Combat Open Water Swim Anxiety
The swim portion of the race can cause great anxiety for new and experienced swimmers alike. The anxiety can come from different sources, so you need to address it accordingly to overcome it.
Open water swimming requires a higher level of swim fitness than pool swimming. There is no 100% passive way to recover on the swim like the bike and run. You need to understand technique and pacing to get yourself through an open water swim. This can best be accomplished through 1-on-1 lessons with a coach as well as practice in the open water leading up to your race. At Playtri, we get athletes in our Endless Pool so we can provide them immediate feedback based on what we are seeing above and below the water. You will understand a pace that you can maintain while also maintaining good technique to reduce energy expenditure. We also have the longest running Open Water Swim in the DFW Metroplex to get your prepared between March and September.
OPEN WATER FEARS
The open water can be daunting. Dark water can cause anxiety because you can’t even see your hand in front of your face. Your mind immediately tells you there’s a shark or a gator just below you and you can’t shake that feeling. Forget about when another athlete or some floating debris touches you! Athletes should practice visualization before entering the water of how they want to swim and exit the water in a calm manner.

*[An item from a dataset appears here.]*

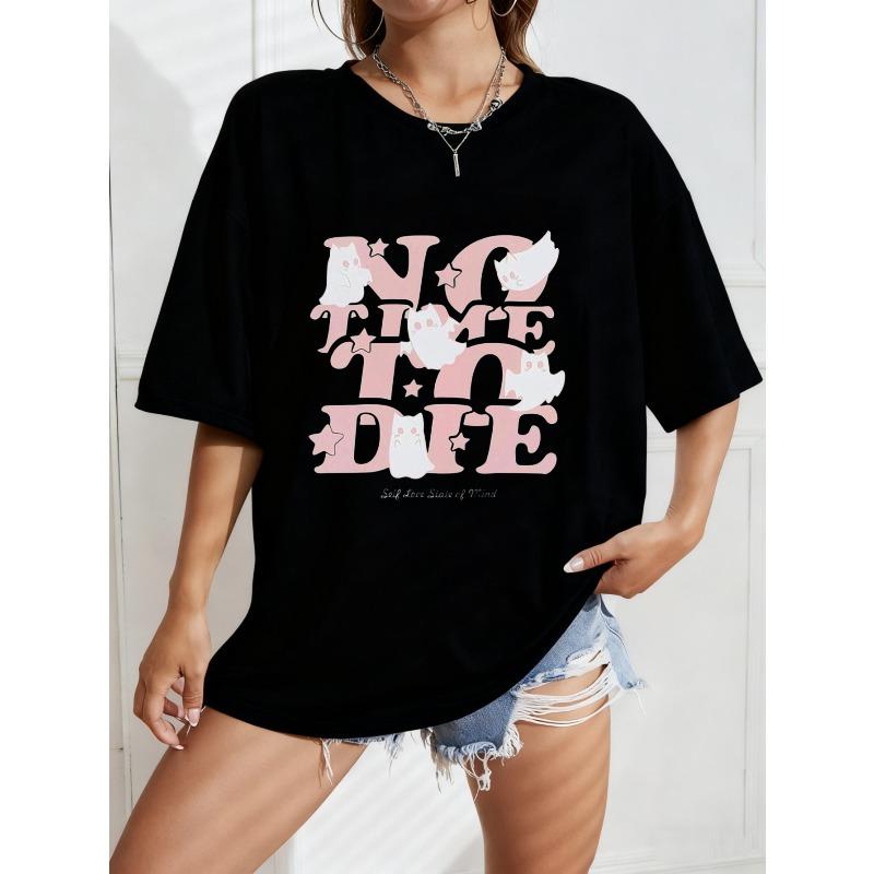 Weißes Oversized-T-Shirt mit pinkem No Time To Die Grafikdruck für Freizeitkleidung und Streetstyle

I recommend athletes practice resetting by turning over on their back and floating or gently swimming elementary back stroke to continue forward movement. They should use diaphragmatic breathing and 4-4-4 breathing pattern to settle their breathing down. They should have positive self-talk and go back to that visualization from before the swim to remind themselves they have done this before and can do it again. When they do all of this and are ready, turn back over and bring it home.
Preparing for the race with appropriate gear including wetsuit, bootie, gloves, and a hood are important for cold races. If you have the gear, you still want to fight hyperventilation by dunking your face in the cold water without goggle for a few seconds until you feel the tightness in your chest leave and feel the sense of calm return before you start the race.